New variables for FatJets and SubJets are added in PFNano/python/addBTV.py

uncorrpt
residual
jes
CombIVF
DeepCSVBDisc
btagDeepB_c
DeepCSVCvsLDisc
DeepCSVCvsBDisc

For FatJets, a MuonTable is defined in PFNano/plugins/JetConstituentTableProducer.cc, which contains the following variables:

pt
eta
ptrel
phi
isGlobal
nMuHit
nMatched
nTkHit
nPixHit
nOutHit

The distributions of these variables, obtained by running PFNano/test/nano_mc_Run3_122X_NANO.py over 1k events of /ZprimeToTT_M3000_W30_TuneCP2_13p6TeV-madgraph-pythiaMLM-pythia8/Run3Winter22MiniAOD-122X_mcRun3_2021_realistic_v9-v2/MINIAODSIM, are shown at this link.

This work was carried out under the supervision of Soureek Mitra and Denise Muller.

demuller · 2022-12-16T11:49:51Z

Hi @angzaza many thanks for your PR! I will have a look later today at it.

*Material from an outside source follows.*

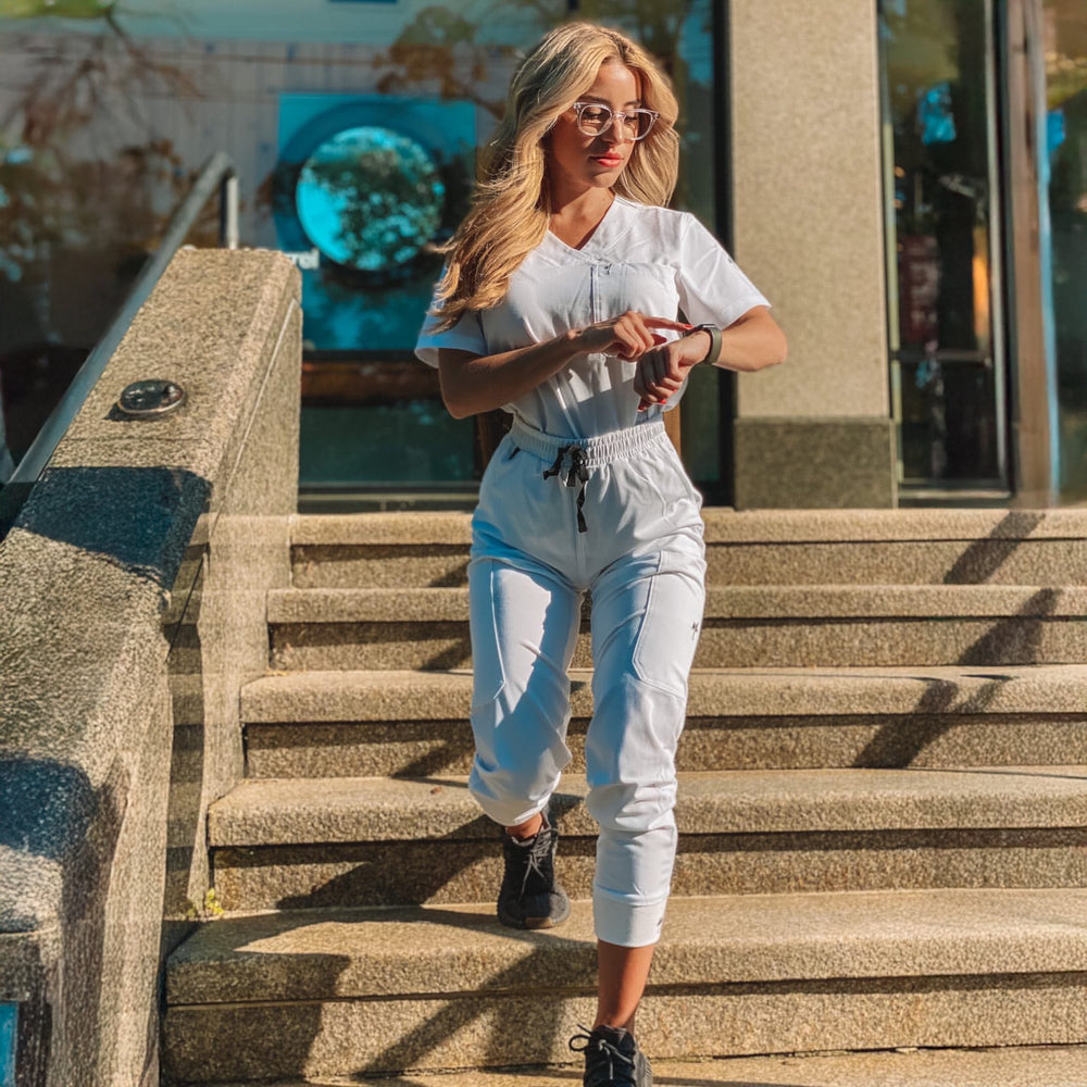 - The Angie top is a looser fit than traditional scrub tops. We typically recommend sizing down. For example, if you typically wear a size medium in traditional scrub tops, you would order a size small in the Angie top.

@AnnikaStein could you review it as well?

demuller · 2022-12-16T11:51:57Z

Maybe one first thing I directly noticed: the commit history seems to contain a lot of older changes not made by you, can you try to make a cleaner PR that only contains your own changes? It is otherwise a bit hard to review

demuller · 2022-12-16T11:53:12Z

Maybe one first thing I directly noticed: the commit history seems to contain a lot of older changes not made by you, can you try to make a cleaner PR that only contains your own changes? It is otherwise a bit hard to review

it probably would also help with the branch conflicts

AnnikaStein · 2022-12-16T13:48:25Z

Hi @angzaza many thanks for your PR! I will have a look later today at it.

@AnnikaStein could you review it as well?

Sure, I can do that!

[General comment]
What I see is that this PR which is meant for 12_4_8 has been prepared for the master branch, hence the conflicts. If this was updated, I guess it would already look a lot cleaner. I'll use the edit button to switch that, and then we can look at the details.

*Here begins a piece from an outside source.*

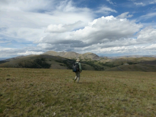 From Lima to Leadore the trail stays close to the Divide. Following the ridges as they roll. Steeply. Gently. A sinusoidal walk that keeps us up high overlooking the steep valleys to the west and sagebrush and desert to the east. It is beautiful walking. Cloud admiring. Grass admiring. Eyes peered for bighorn sheep on the mountains just west of the Divide.

AnnikaStein · 2022-12-16T13:54:38Z

Maybe one first thing I directly noticed: the commit history seems to contain a lot of older changes not made by you, can you try to make a cleaner PR that only contains your own changes? It is otherwise a bit hard to review

it probably would also help with the branch conflicts

Indeed after switching the target branch, neither conflicts nor commits from other people are left in the PR :)

So thanks also from my side @angzaza ! I'll take a closer look and get back to you with specific comments later.

AnnikaStein

Thank you for this nice work @angzaza !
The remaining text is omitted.